* [PATCH] mm: memcontrol: fix GFP_NOFS recursion in memory.high enforcement
@ 2023-09-14 15:21 Johannes Weiner
2023-09-14 15:59 ` Shakeel Butt
2023-09-14 16:56 ` Michal Hocko
0 siblings, 2 replies; 3+ messages in thread
From: Johannes Weiner @ 2023-09-14 15:21 UTC (permalink / raw)
To: Andrew Morton
Cc: Shakeel Butt, Breno Leitao, Josef Bacik, linux-mm, linux-kernel
Breno and Josef report a deadlock scenario from cgroup reclaim
re-entering the filesystem:
[ 361.546690] ======================================================
[ 361.559210] WARNING: possible circular locking dependency detected
[ 361.571703] 6.5.0-0_fbk700_debug_rc0_kbuilder_13159_gbf787a128001 #1 Tainted: G S E
[ 361.589704] ------------------------------------------------------
[ 361.602277] find/9315 is trying to acquire lock:
[ 361.611625] ffff88837ba140c0 (&delayed_node->mutex){+.+.}-{4:4}, at: __btrfs_release_delayed_node+0x68/0x4f0
[ 361.631437]
[ 361.631437] but task is already holding lock:
[ 361.643243] ffff8881765b8678 (btrfs-tree-01){++++}-{4:4}, at: btrfs_tree_read_lock+0x1e/0x40
[ 362.904457] mutex_lock_nested+0x1c/0x30
[ 362.912414] __btrfs_release_delayed_node+0x68/0x4f0
[ 362.922460] btrfs_evict_inode+0x301/0x770
[ 362.982726] evict+0x17c/0x380
[ 362.988944] prune_icache_sb+0x100/0x1d0
[ 363.005559] super_cache_scan+0x1f8/0x260
[ 363.013695] do_shrink_slab+0x2a2/0x540
[ 363.021489] shrink_slab_memcg+0x237/0x3d0
[ 363.050606] shrink_slab+0xa7/0x240
[ 363.083382] shrink_node_memcgs+0x262/0x3b0
[ 363.091870] shrink_node+0x1a4/0x720
[ 363.099150] shrink_zones+0x1f6/0x5d0
[ 363.148798] do_try_to_free_pages+0x19b/0x5e0
[ 363.157633] try_to_free_mem_cgroup_pages+0x266/0x370
[ 363.190575] reclaim_high+0x16f/0x1f0
[ 363.208409] mem_cgroup_handle_over_high+0x10b/0x270
[ 363.246678] try_charge_memcg+0xaf2/0xc70
[ 363.304151] charge_memcg+0xf0/0x350
[ 363.320070] __mem_cgroup_charge+0x28/0x40
[ 363.328371] __filemap_add_folio+0x870/0xd50
[ 363.371303] filemap_add_folio+0xdd/0x310
[ 363.399696] __filemap_get_folio+0x2fc/0x7d0
[ 363.419086] pagecache_get_page+0xe/0x30
[ 363.427048] alloc_extent_buffer+0x1cd/0x6a0
[ 363.435704] read_tree_block+0x43/0xc0
[ 363.443316] read_block_for_search+0x361/0x510
[ 363.466690] btrfs_search_slot+0xc8c/0x1520
This is caused by the mem_cgroup_handle_over_high() not respecting the
gfp_mask of the allocation context.
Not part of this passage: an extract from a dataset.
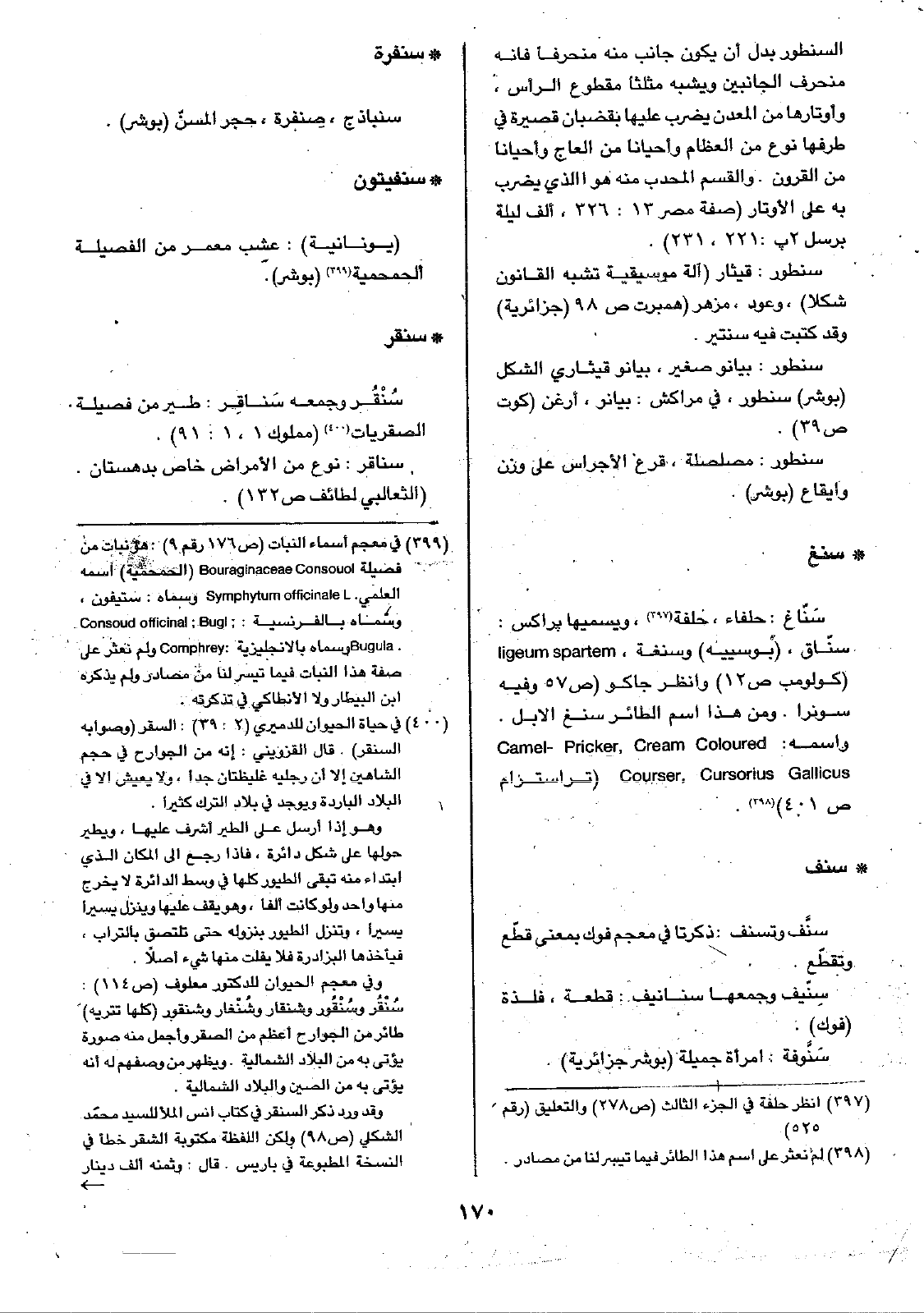 • سنقر: سُنْقُر وجمعه سَناقِر: طير من فصيلة. الصقريات (مملوك 1، 1: 91).

We used to only call this function
on resume to userspace, where no locks were held. But c9afe31ec443
("memcg: synchronously enforce memory.high for large overcharges")
added a call from the allocation context without considering the gfp.
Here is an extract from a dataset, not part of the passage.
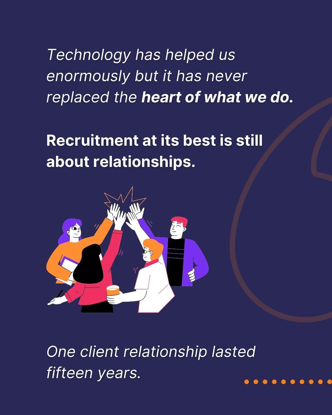 Technology has helped us enormously but it has never replaced the heart of what we do. Recruitment at its best is still about relationships. Long term relationships with candidates. Long term relationships with clients. One client relationship lasted fifteen years. That does not happen by accident. It happens when you listen properly stay curious and do the work with integrity and build trust and deepen the relationship constantly. They also became part of us and we part of them in many ways.

Reported-by: Breno Leitao <leitao@debian.org>
Reported-by: Josef Bacik <josef@toxicpanda.com>
Fixes: c9afe31ec443 ("memcg: synchronously enforce memory.high for large overcharges")
Cc: stable@vger.kernel.org # 5.17+
Signed-off-by: Johannes Weiner <hannes@cmpxchg.org>
---
include/linux/memcontrol.h | 4 ++--
include/linux/resume_user_mode.h | 2 +-
mm/memcontrol.c | 6 +++---
3 files changed, 6 insertions(+), 6 deletions(-)
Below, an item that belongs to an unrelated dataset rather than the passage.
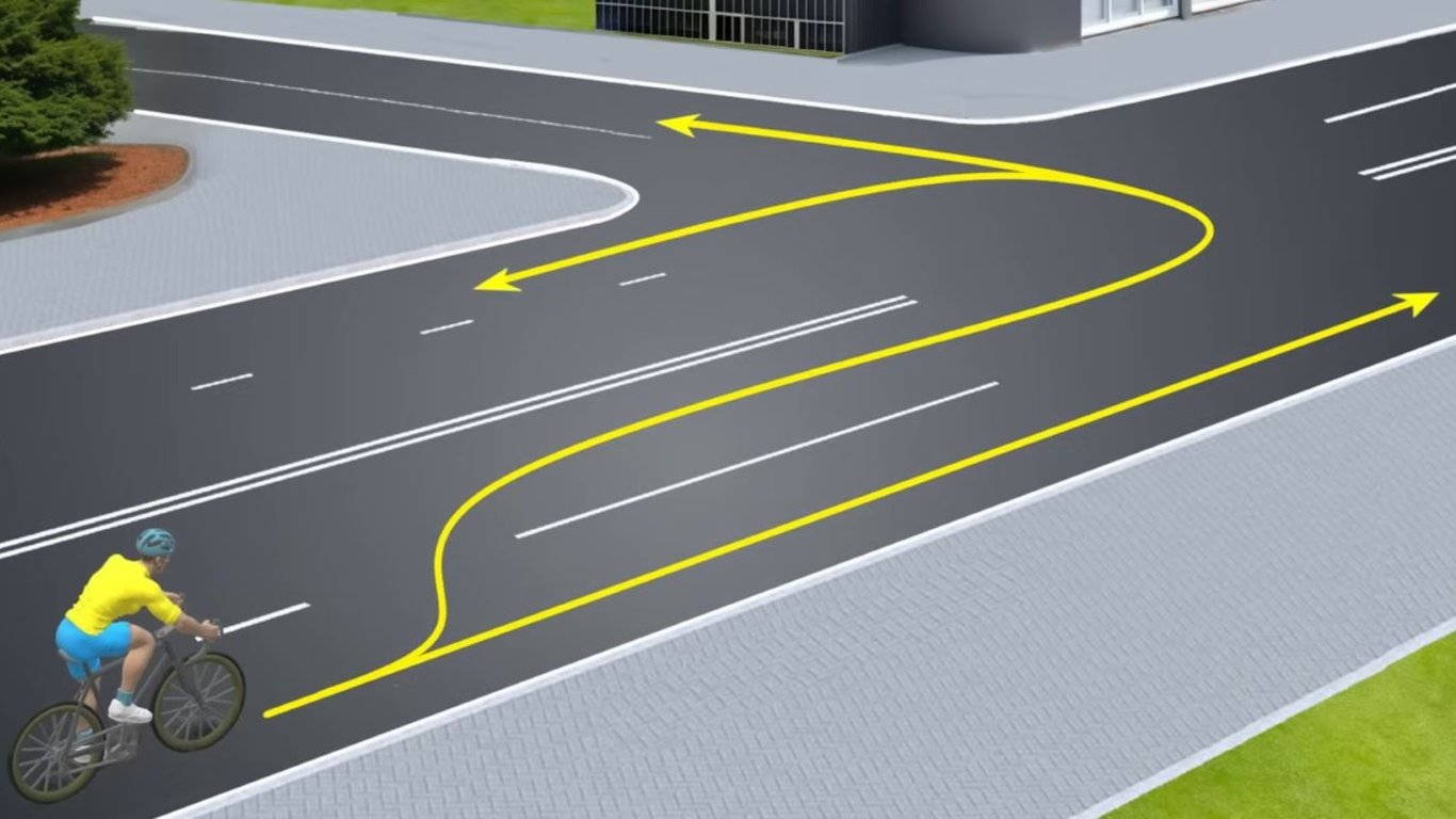 Видно, що велосипедист перед поворотом ліворуч або розворотом завчасно займає відповідне крайнє положення на проїзній частині. Здавалося б усе добре. Але є один нюанс, про який мало хто пам'ятає.

diff --git a/include/linux/memcontrol.h b/include/linux/memcontrol.h
index ab94ad4597d0..e4e24da16d2c 100644
--- a/include/linux/memcontrol.h
+++ b/include/linux/memcontrol.h
@@ -920,7 +920,7 @@ unsigned long mem_cgroup_get_zone_lru_size(struct lruvec *lruvec,
return READ_ONCE(mz->lru_zone_size[zone_idx][lru]);
}
-void mem_cgroup_handle_over_high(void);
+void mem_cgroup_handle_over_high(gfp_t gfp_mask);
unsigned long mem_cgroup_get_max(struct mem_cgroup *memcg);
@@ -1458,7 +1458,7 @@ static inline void mem_cgroup_unlock_pages(void)
rcu_read_unlock();
}
-static inline void mem_cgroup_handle_over_high(void)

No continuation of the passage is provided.